Goal: to predict trip duration of NYC cabs using machine learning models.
Tools: Python + Nympy + Pandas + Datetime + Plotly.express + Matplotlib + Math + Seaborn + Bokeh + Sklearn
Stages of project: data cleaning, data analysis, data preparation, data testing, evaluating prediction accuracy.
Data cleaning
The first dataset visualization with splitting datasets into numeric and categorical and applying the Pearson analysis unveils existing outlayers in time-related and geography-related data.
One more visualization analysis of pickup and dropoff geo-coordinates with sns distplot proves existing outlayers in both directions.
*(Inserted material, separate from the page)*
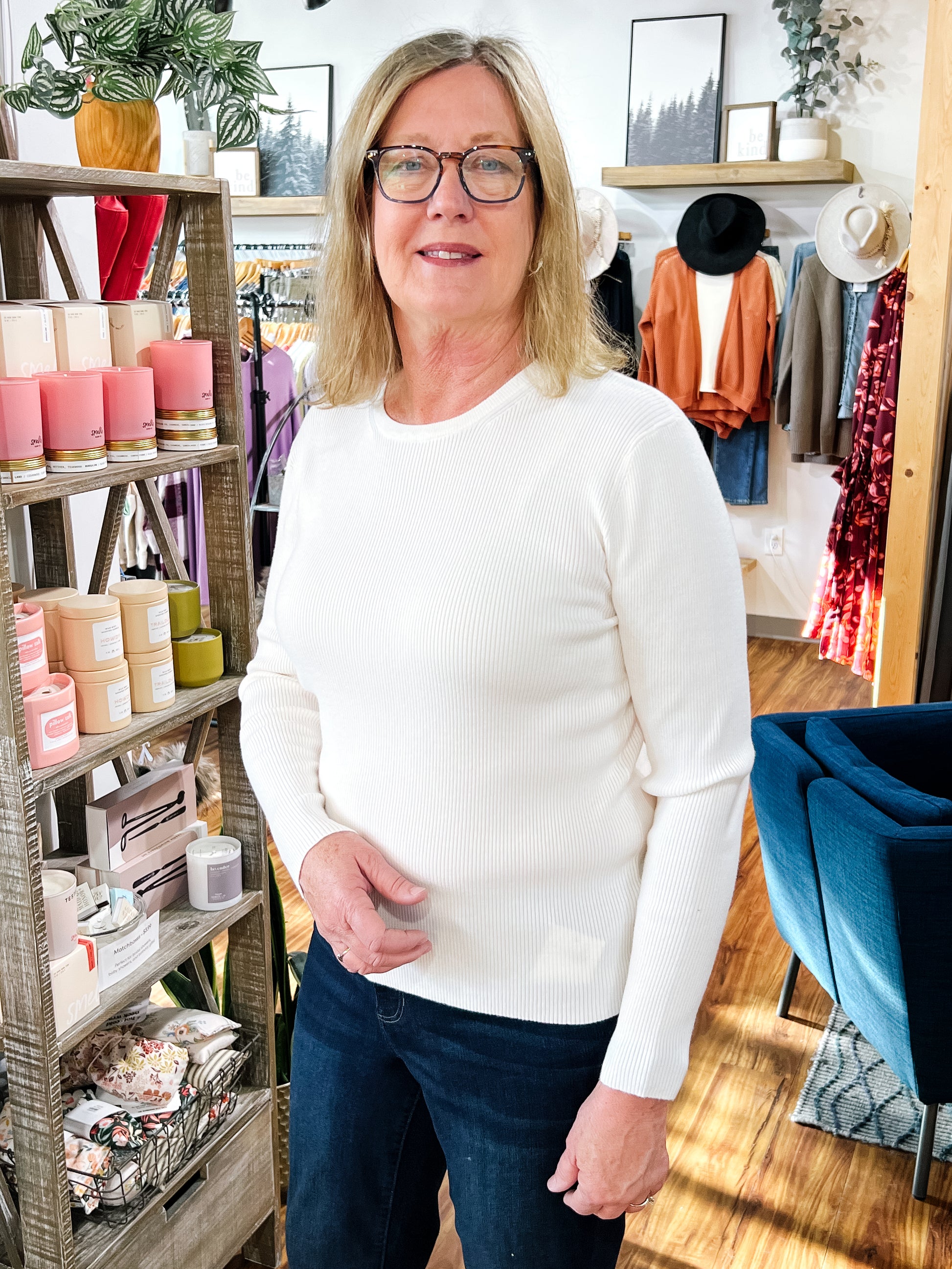 Product Description: Classic and timeless, this ivory ribbed crew neck sweater is a closet essential. The soft knit and long sleeves make it perfect for layering or wearing on its own. With its clean silhouette and versatile style, it pairs effortlessly with denim, skirts, or trousers for a put-together look all season long.

After removal of remote latitude and longitude geo-coordinates framing the dataset to the NYC boundaries, the sns distplot reveals a different picture.
Next, let’s analyze the time-related part of the dataset more precisely. Let’s convert strings to datetime, and make analytical visualization of time data of pickup and dropoff of cab clients by vendors type, and figure out outlayers.
Next step is to clean outlayers of geo-coordinates outside NYC boundary and visualize data on a map with Plotly.
Data analysis
Data analysis starts from a clustering approach of geo-data with KNeighborsClassifier dividing the cleaned dataset into 59 clusters that is equal to the amount of Neighborhood Boards in the New York City.
Next step is to analyze the trip frequency with different amount of passengers.
Data preparation
Data preparation includes steps: removal of outlayers of passengers = 0 and > 7, removal of trips longer 3 hours (10800 s), removal of trips beyond the boundary of NYC (-74.03 to -73.75, 40.63 to 40.9).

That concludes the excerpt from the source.